Section “MEG processing”, paragraph 1: The authors have not taken into account ocular or cardiac artifacts. There are automatic procedures that can take care of the ocular and cardiac artifacts (see Antonakakis M, Dimitriadis SI, Zervakis M, Micheloyannis S, Rezaie R, Babajani-Feremi A, Zouridakis G, Papanicolaou AC. Altered cross-frequency coupling in resting-state MEG after mild traumatic brain injury. Int J Psychophysiol. 2016 Apr;102:1-11. doi: 10.1016/j.ijpsycho.2016.02.002 . Epub 2016 Feb 22. PMID: 26910049).

Please refer to the specific limitation of this manuscript and add corresponding references (e.g. Antonakakis et al., 2016)

In the same section, paragraph 4, end of the section: The authors used a simplistic head model, neglecting the effect of the CSF or the white matter anisotropy, even though there is a large survey that shows such effects. The most recent studies are Antonakakis et al., 2019 HBM, and Schrader et al., 2020. Please discuss and cite this limitation with the above references.

Antonakakis M, Schrader S, Wollbrink A, Oostenveld R, Rampp S, Haueisen J, Wolters CH. The effect of stimulation type, head modeling, and combined EEG and MEG on the source reconstruction of the somatosensory P20/N20 component.
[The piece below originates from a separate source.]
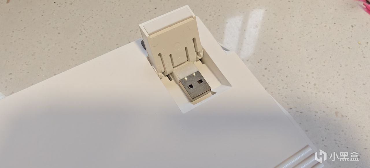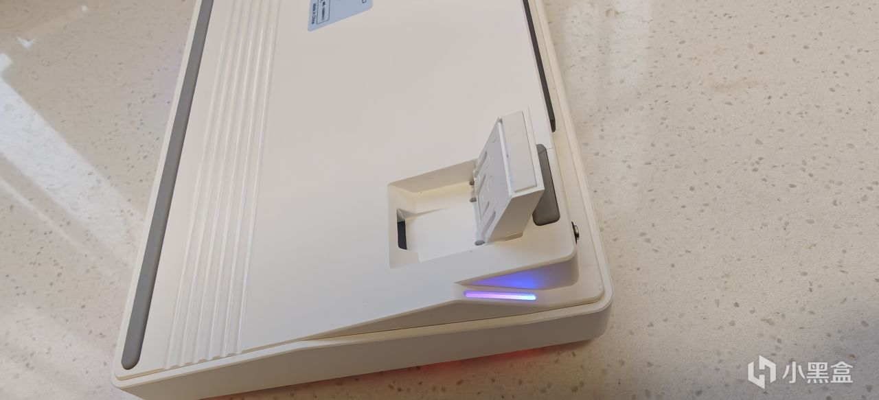 反转键盘,来到背面。亮眼的就是下方一整条的硅胶防滑垫,上面两条硅胶垫如同眉毛一样?而两颗眼睛就是两段式支撑。其中2.4G连接接收器就是藏在右边的两段式支撑里面,而且还是磁吸设计。即使在脚撑打开的状态了,用力晃动接收器也不会掉落。

Hum Brain Mapp. 2019 Dec 1;40(17):5011-5028. doi: 10.1002/hbm.24754

Schrader S, Antonakakis M, Rampp S, Engwer C and Wolters CH. A novel method for calibrating head models to account for variability in conductivity and its evaluation in a sphere model. https://iopscience.iop.org/article/10.1088/1361-6560/abc5aa

Section “Discussion”, end of paragraph 1, the authors could add and compare their results with other studies relative to TBI or mTBI diagnosis using classification approaches.
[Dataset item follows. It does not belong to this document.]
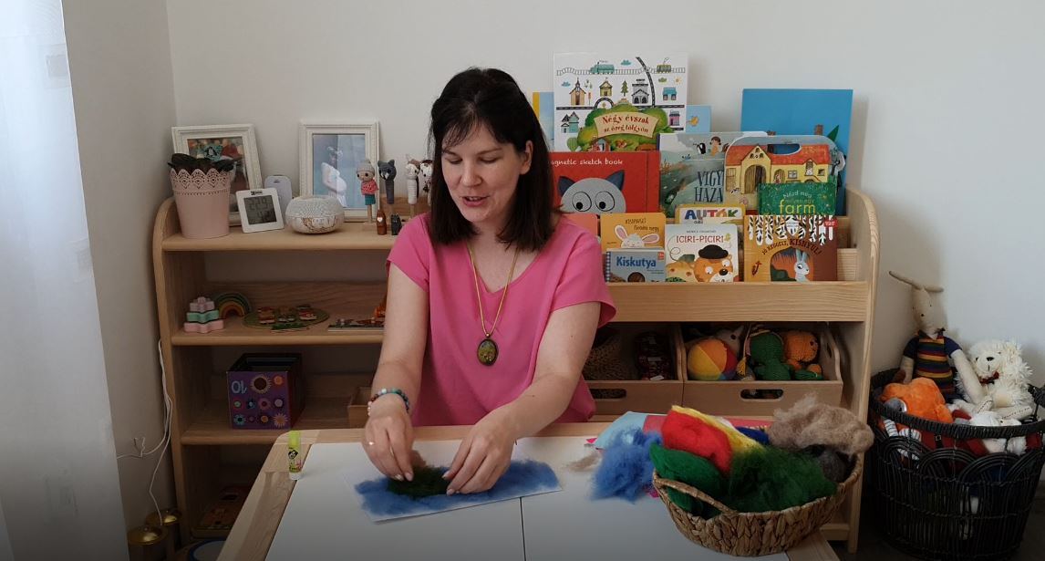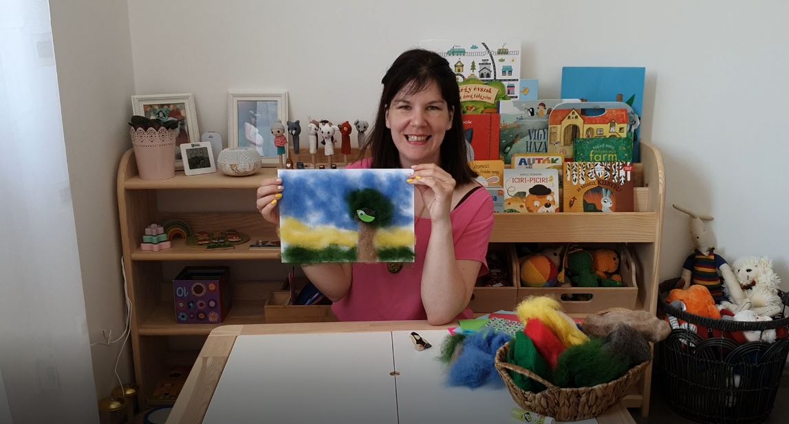 Ehhez az alkotáshoz ezúttal természetes gyapjút használtunk fel, amelyet a ragasztás technikájával varázsoltunk erdei képpé. :)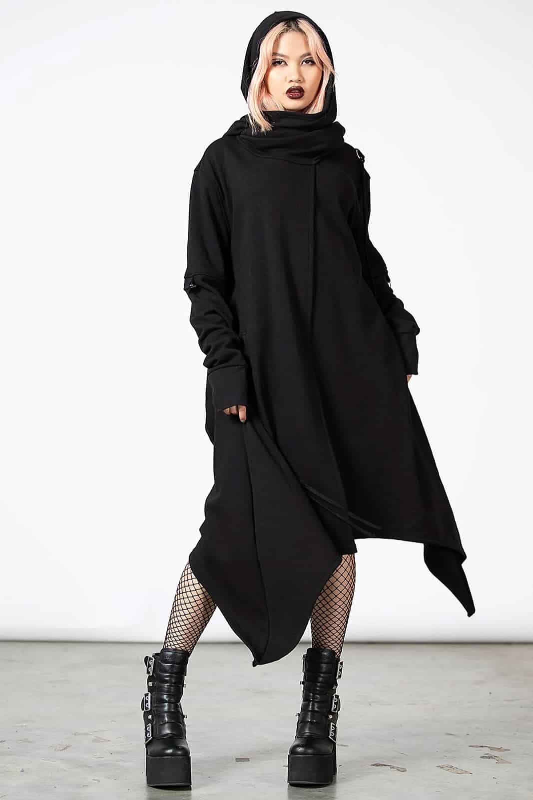 Extra-long gothic hooded jacket with an asymmetric hem. Made from soft jersey, brushed on the inside, with a large drape-style hood. Equipped with two pockets and a thumb hole, decorated with silver-colored D-rings.

Recent examples are Antonakakis et al., 2020, Vergara et al., 2018 and

Antonakakis M, Dimitriadis SI, Zervakis M, Papanicolaou AC, Zouridakis G. Aberrant Whole-Brain Transitions and Dynamics of Spontaneous Network Microstates in Mild Traumatic Brain Injury. Front Comput Neurosci. 2020;13:90. Published 2020 Jan 15. doi:10.3389/fncom.2019.00090 

Vergara, V. M., Mayer, A. R., Kiehl, K. A., and Calhoun, V. D. (2018). Dynamic functional network connectivity discriminates mild traumatic brain injury through machine learning. Neuroimage Clin. 19, 30–37.doi: 10.1016/j.nicl.2018.03.017

Vakorin, V. A., Doesburg, S. M., da Costa, L., Jetly, R., Pang, E. W., and Taylor, M. J. (2016). Detecting mild traumatic brain injury using resting state magnetoencephalographic connectivity. PLoS Comput. Biol. 12:e1004914. doi: 10.1371/journal.pcbi.1004914

Section „ Cortical vs adjacent white matter regions “, it is not clear whether the DTI directions were enough in order to reconstruct the Fractional Anisotropy due to the possibility of crossing fiber. Please elaborate and add the corresponding limitation in the limitation section of the manuscript.
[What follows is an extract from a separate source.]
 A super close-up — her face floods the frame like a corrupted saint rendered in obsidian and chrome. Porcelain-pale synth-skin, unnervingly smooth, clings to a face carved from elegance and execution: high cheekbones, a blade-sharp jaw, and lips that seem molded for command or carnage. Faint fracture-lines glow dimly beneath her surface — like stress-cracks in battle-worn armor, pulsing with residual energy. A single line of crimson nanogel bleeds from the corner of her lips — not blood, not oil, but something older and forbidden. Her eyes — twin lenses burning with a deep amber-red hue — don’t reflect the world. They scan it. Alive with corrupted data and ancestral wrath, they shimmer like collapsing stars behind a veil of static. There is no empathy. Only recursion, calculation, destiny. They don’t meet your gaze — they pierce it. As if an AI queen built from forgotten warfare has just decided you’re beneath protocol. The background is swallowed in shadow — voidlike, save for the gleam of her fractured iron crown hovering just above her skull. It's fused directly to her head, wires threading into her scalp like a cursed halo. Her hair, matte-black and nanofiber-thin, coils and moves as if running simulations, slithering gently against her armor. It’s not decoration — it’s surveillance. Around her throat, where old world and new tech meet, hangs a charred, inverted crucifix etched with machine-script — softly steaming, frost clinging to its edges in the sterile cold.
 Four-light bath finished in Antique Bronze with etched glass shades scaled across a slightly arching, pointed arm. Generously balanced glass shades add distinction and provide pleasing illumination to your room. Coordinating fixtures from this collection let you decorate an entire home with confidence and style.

In general, the entire manuscript and specifically the discussion seems to be written in hurry. In addition, the discussion is quite limited. There is no limitation section, nor conclusion. The authors need to restructure their work in order to include a complete structure with also more informative, complete details in their figures and better representation of the images.

Finally yet importantly, the authors always mention for classification or that the classifier showed something. However, there is no references or description (in the methods sections) about classification. What do the authors mean? Is it a classification in terms of machine learning? Alternatively, manual human categorization of the metadata? Please provide necessary details of information about the classification.